Black men gathered near the People’s Grocery to register their discontent. A judge ordered the sheriff to organize a hundred armed men to shoot on sight any black people who appeared to be causing trouble. The black men understood the danger and dispersed, so the mob looted the store and had its creditors seize any surviving assets. The People’s Grocery was no more.
In the wake of this, nearly 6000 black people left Memphis; more boycotted white businesses. When the white businesses in Memphis realized how much money they were losing, they begged Ida to publish an editorial encouraging black people to continue business as usual, to assure them that they were safe. She refused and published an account of their supplications in her paper. Soon after, while at a church denominational meeting in Philadelphia, white business owners destroyed her press and left a note telling her she would be killed if she returned to Memphis. She did not return, but she also did not stop writing.
Ida began to investigate and document every lynching that came to her attention. In the white press, they were always justified, usually by saying that a black man had raped a white woman. Somehow, when the white women were left alone during the Civil War, black men did not dare such a thing. Now, twenty-five years later, in the early years of the Lost Cause, there was an epidemic. When Ida investigated, she found two common themes in the facts. First, rape was never proven. Lynchings don’t have trials. More often, the facts seem to show that two people fell in love (or perhaps lust) across color lines and followed their passions. Whether the white woman involved made a false accusation or not, the result was the same. Second, lynchings were more likely to occur when black people were succeeding economically. It wasn’t necessary to target those who were successful; just let them know that white people are not bound by the law and can take your property and your life any time they wish.
I wish that I could say that Ida’s work influenced the nation and brought an end to lynchings, but we know that is not true. They continued into the 1960s. In fact, the last recognized lynching in America was in 1981 in Mobile, Alabama. I would argue that the rise in murders of trans women of color should be classified as lynching. Lynching is a terrorist act, designed to let a class of people know that they are outside the protection of the law. They are not intended to kill just one person, but to kill a community that is seeking equality.

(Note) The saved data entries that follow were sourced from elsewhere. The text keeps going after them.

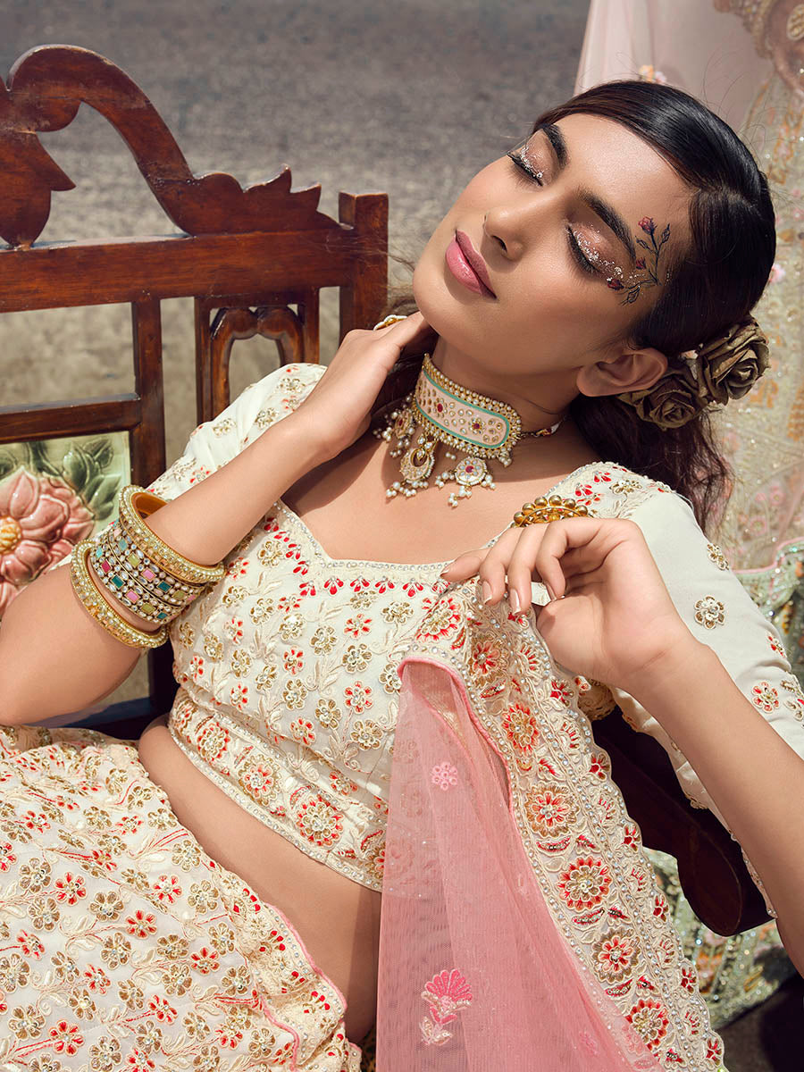 Myra White Georgette Embroidered Designer Lehenga Choli - Distacart
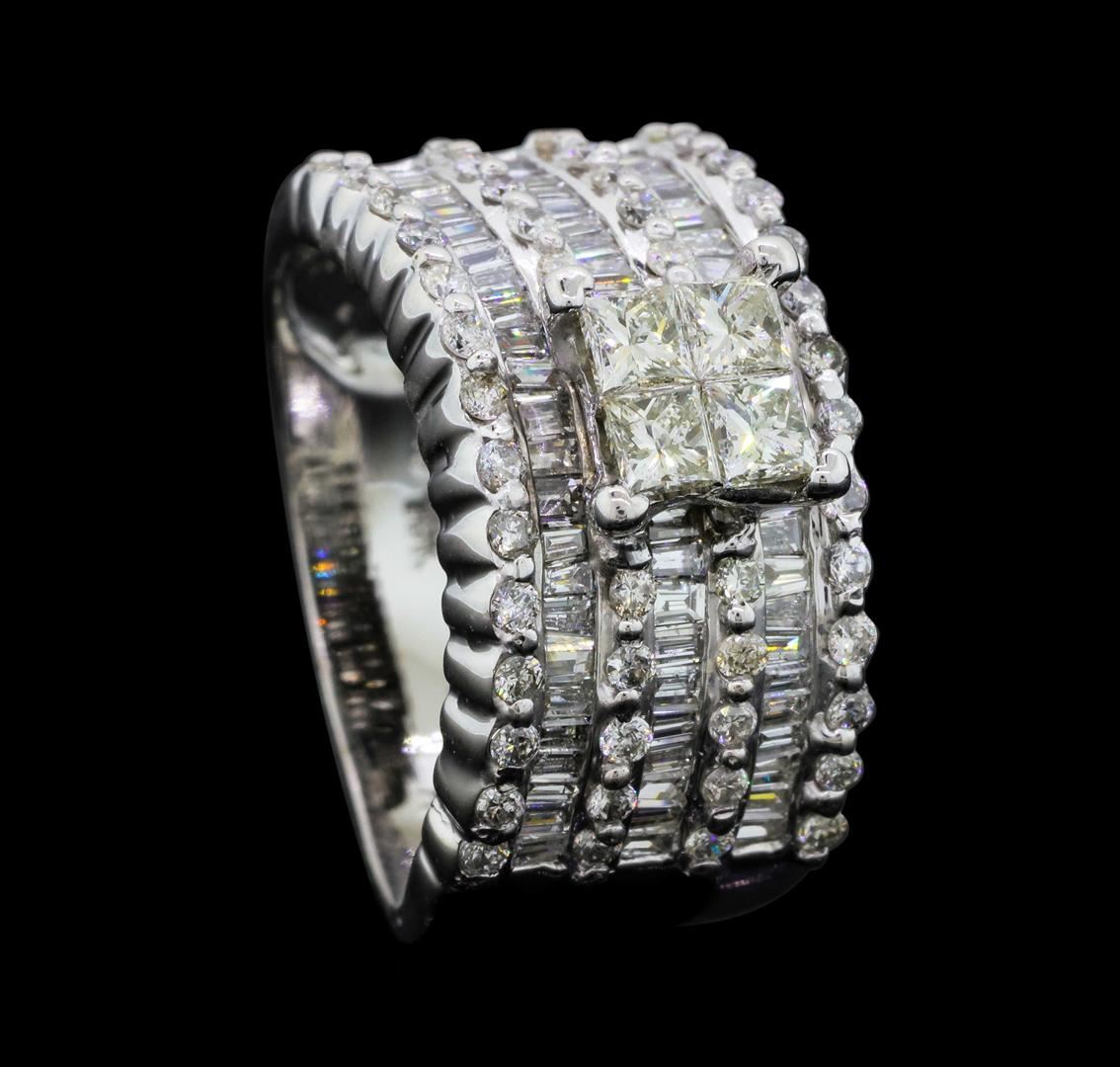 One electronically tested 18KT white gold lady's combination cast & assembled fashion ring with a tapered wide band with a bright polish finish. The featured lady's ring has a shank measuring 5.20 millimeters wide. Identified with markings of "18K 750". Condition is new, good workmanship. Containing: Four invisible set princess cut diamonds, measuring 2.70 x 2.60 x 1.95mm (depth est.) approximate total weight of 4 Stones = 0.45ct. Graded in the setting. Color I - JClarity VS-1 to VS-2 Cut Very Good Fifty-Six prong set round brilliant cut diamonds, measuring 1.30 - 1.20 x 0.78mm (depth est.) approximate total weight of 56 Stones = 0.42ct. Graded in the setting. Color H - I Clarity SI-1 to I-1 Cut Good Seventy-Two channel set baguette cut (tapered) diamonds, measuring from 1.40 x 1.00 x 0.85mm (depth est.) to 1.70 x 1.10 x 0.94mm (depth est.) approximate total weight of 72 Stones = 0.98ct. Graded in the setting. Color H - I Clarity SI-1 to I-1 Cut Good. Total Weight of Diamonds 1.85ct. Total Weight of Ring 7.00gm. GAS Appraised.
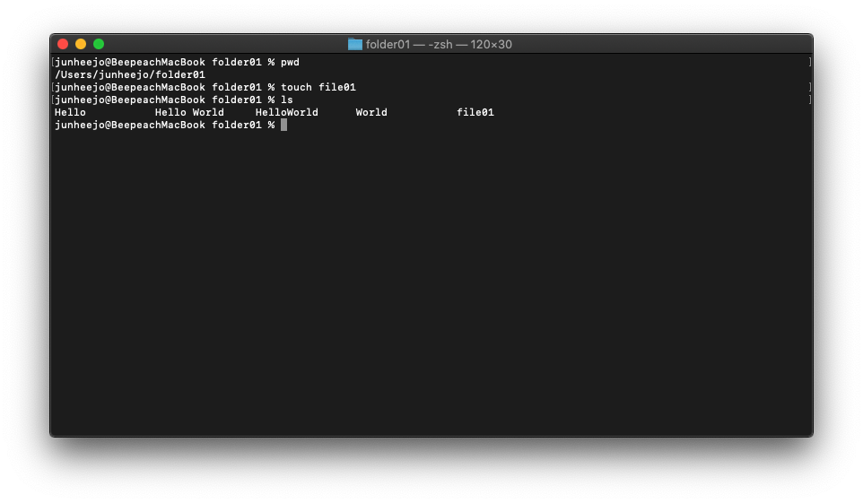 touch file01을 입력한 화면 우리가 만든 folder01 dir에 file01을 생성했습니다.
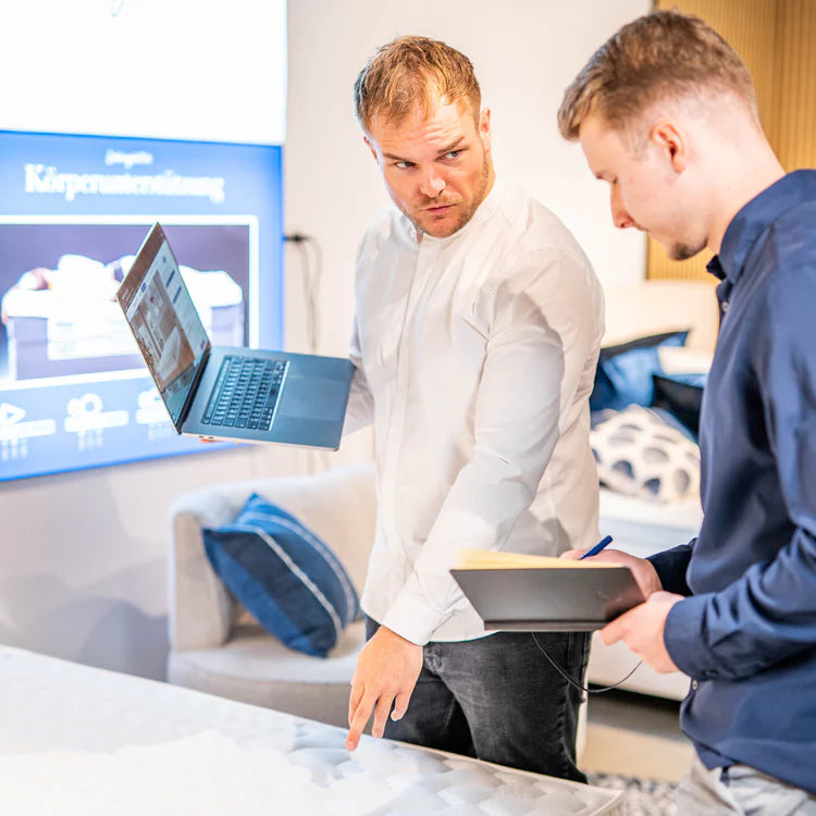 Wir passen das Bett an deine persönlichen Bedürfnisse an. Gehen mit dir alle Features und Besonderheiten live am Bett durch.
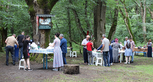 Традиционно, жители республики приезжают в святое место с тремя пирогами, тремя ребрами жертвенных животных и осетинским пивом. Сначала привезенную еду и напитки освящают служители, и только после этого ее могут есть паломники.
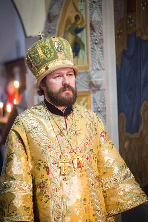 18 апреля, в субботу Светлой седмицы, председатель Отдела внешних церковных связей Московского Патриархата митрополит Волоколамский Иларион совершил древним чином Божественную литургию в храме Покрова Пресвятой Богородицы в Рубцове.
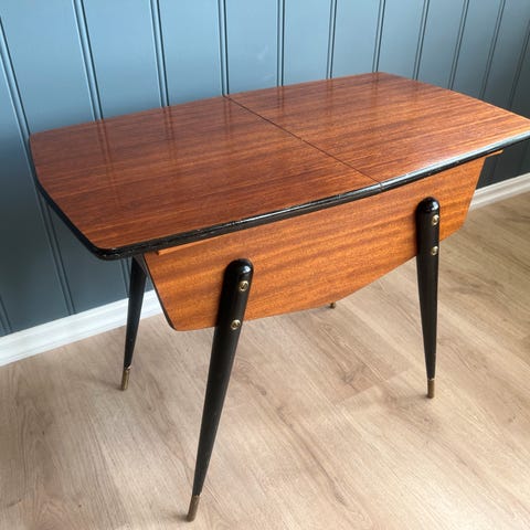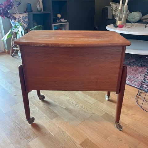 Sybordet er et stort rom innvendig. Bordplatene går fint inntil, og fra hverandre. Størrelse 64cm × 38,5cm. Høyde 50cm. Beina er nok beiser for mange år siden, før jeg ble eier. Det vises på underside, se bilde.
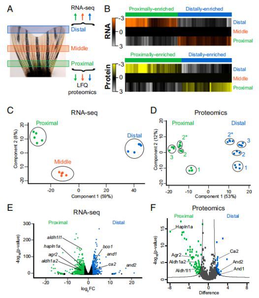 ????????為了鑒定可能參與尾鰭位置記憶的候選分子,本研究對(duì)未受傷的斑馬魚尾鰭的近端,中間和遠(yuǎn)端區(qū)域進(jìn)行了RNA測序(RNA-seq)和無標(biāo)記定量(LFQ)蛋白質(zhì)組學(xué)(圖1A),共鑒定出566個(gè)轉(zhuǎn)錄本和238個(gè)蛋白質(zhì),主要存在于近或遠(yuǎn)的富集梯度中(圖1B)。另外,主成分分析(PCA)顯示鰭的近端和遠(yuǎn)端區(qū)域之間的轉(zhuǎn)錄物(圖1C)和蛋白質(zhì)(圖1D)豐度的變化很大。中間區(qū)域的轉(zhuǎn)錄本聚集成一個(gè)獨(dú)特的組,但更接近于遠(yuǎn)端區(qū)域(圖1C)。差異豐富分子的最大差異發(fā)生在近端和遠(yuǎn)端區(qū)域之間,包括1,424個(gè)轉(zhuǎn)錄本和113個(gè)蛋白質(zhì)(圖1E)。因此,基因組的表達(dá)在整個(gè)尾鰭的近遠(yuǎn)端軸上存在著定量的差異。

Bryan Stevenson of the Equal Justice Initiative’s Lynching in America Project has said that reconciliation is not possible without truth. So far, we have refused to speak the truth about lynching because it would require us to recognize the underlying ideology of white supremacy that has never gone away, but only evolved from slavery to Jim Crow to mass incarceration. If it weren’t for the work of St. Ida B. Wells-Barnett, we would have no means of examining that truth. Now we only need the will.